I have a process where about 1500 mails are sent once a week.
The process I have it in a django
command that I plan to put in a crontab
. The process has a loop in which it is verified if the user want to receive emails and the language in which will receive, like this one:
for user in users:
# Check if user accept emails
if user['send_mail']:
# Get language to email
lang = ""
if user['lang'] == "es":
lang = "es"
elif user['lang'] == "fr":
lang = "fr"
else:
lang = "en"
email = user['email']
# Send email
send_mail()
It is not much, 1500 mails, but I want to leave it scalable, since the amount of mails depends on the number of registered users for the platform.
I do not know if it is now scalable or it is better to use redis queue
or celery
.
I am using Amazon Simple Emails Service
(SES
).
You have two different issues to deal with here:
First, that while it is pretty easy to SEND 1500 emails, there are complex realities to whether those 1500 emails will be RECEIVED. Your email can easily be blocked or diverted to a spam folder. Your whole domain could be blocked by some mail services. To limit the possibility of these difficulties, you need to have DKIM and SPF records set up properly.. and there are other things that commercial mail senders do to keep things smooth. So if you are not interested in taking on that challenge you are better off working with a professional service like SES.
But sure, you can also just use postfix or any other mail relay software to set up your own mail server locally, even right on the same machine. Set up your own DNS records and send the mail directly to the recipent without SES or anyone else to deal with.. but then you have to deal with any spam blocker problems.
Second is that, assuming you use SES, you have to make sure that all your emails are safely delivered from yourself to Amazon. This is where trouble can come in. You don't want to generate half your emails and have them delivered, then due to let's say a network outage, have a problem.. and have no way of sending only those that were not sent without resending all. It can be a tricky bit of code to write perfectly.
The easiest solution technically is to install a local SMTP relay server (eg. postfix) configured with Amazon as its "smarthost". Configure django to use "localhost" as its SMTP server.
With that in place, when your cron job runs, it will only take a few seconds, because all the emails go straight into postfix's directories on your local drive and are queued there.
Then postfix, because it is configured with SES's SMTP server as its smarthost (sometimes called smart relay), won't send any email directly to the recipient, but will forward all the emails to SES to be delivered to the final recipient. If there's any problem doing that, postfix (or whatever mail relay software you prefer) will retry each message until things work out.
It's made for that, it's tried, tested, works...
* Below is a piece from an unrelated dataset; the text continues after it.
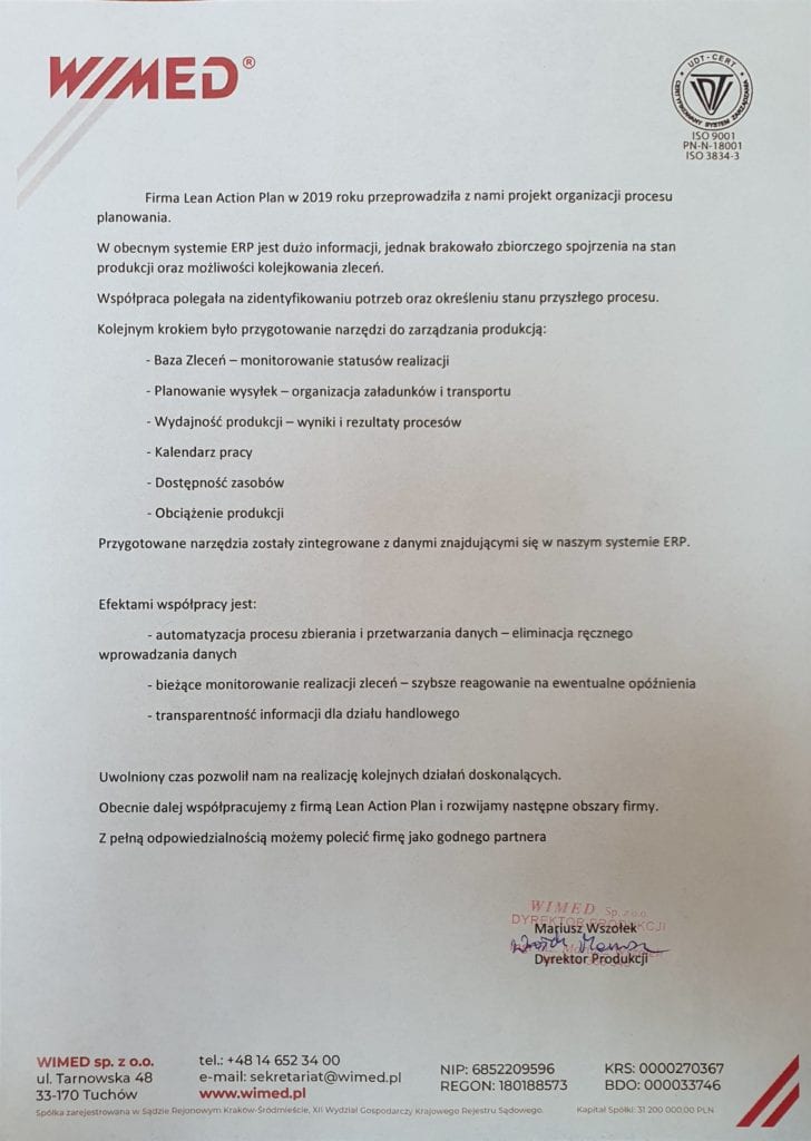 ,,Przygotowany zestaw plików pozwala na uzyskanie rzetelnej informacji o ponoszonych kosztach i przychodach, zarówno w odniesieniu do pojedynczych wyrobów jak i dla całego zakładu. […] Zdecydowanie polecam współpracę z firmą Lean Action Plan. To doświadczeni i rzetelni partnerzy.”

So that is the easiest path for you.
If you choose to use the SES REST API, then it is the responsibility of your code to make sure that each message is delivered to Amazon exactly once and only once. If you loop through 1000 emails and then there is a network failure or crash and you fail to send the last 500 emails, it will be the problem of your code to recover from that without resending the first 1000 emails again. And for that, yes, queuing systems are useful. Celery or just RabbitMQ by itself can work. Or just make a queue by storing records in your database of what messages need to be sent then deleting those records as each email is sent.
But writing code like that which works perfectly in every circumstance can be tricky. Sometimes it is ok to re-invent the wheel.. sometimes you need a better wheel :) But in this case I think you are better off using an SMTP relay server.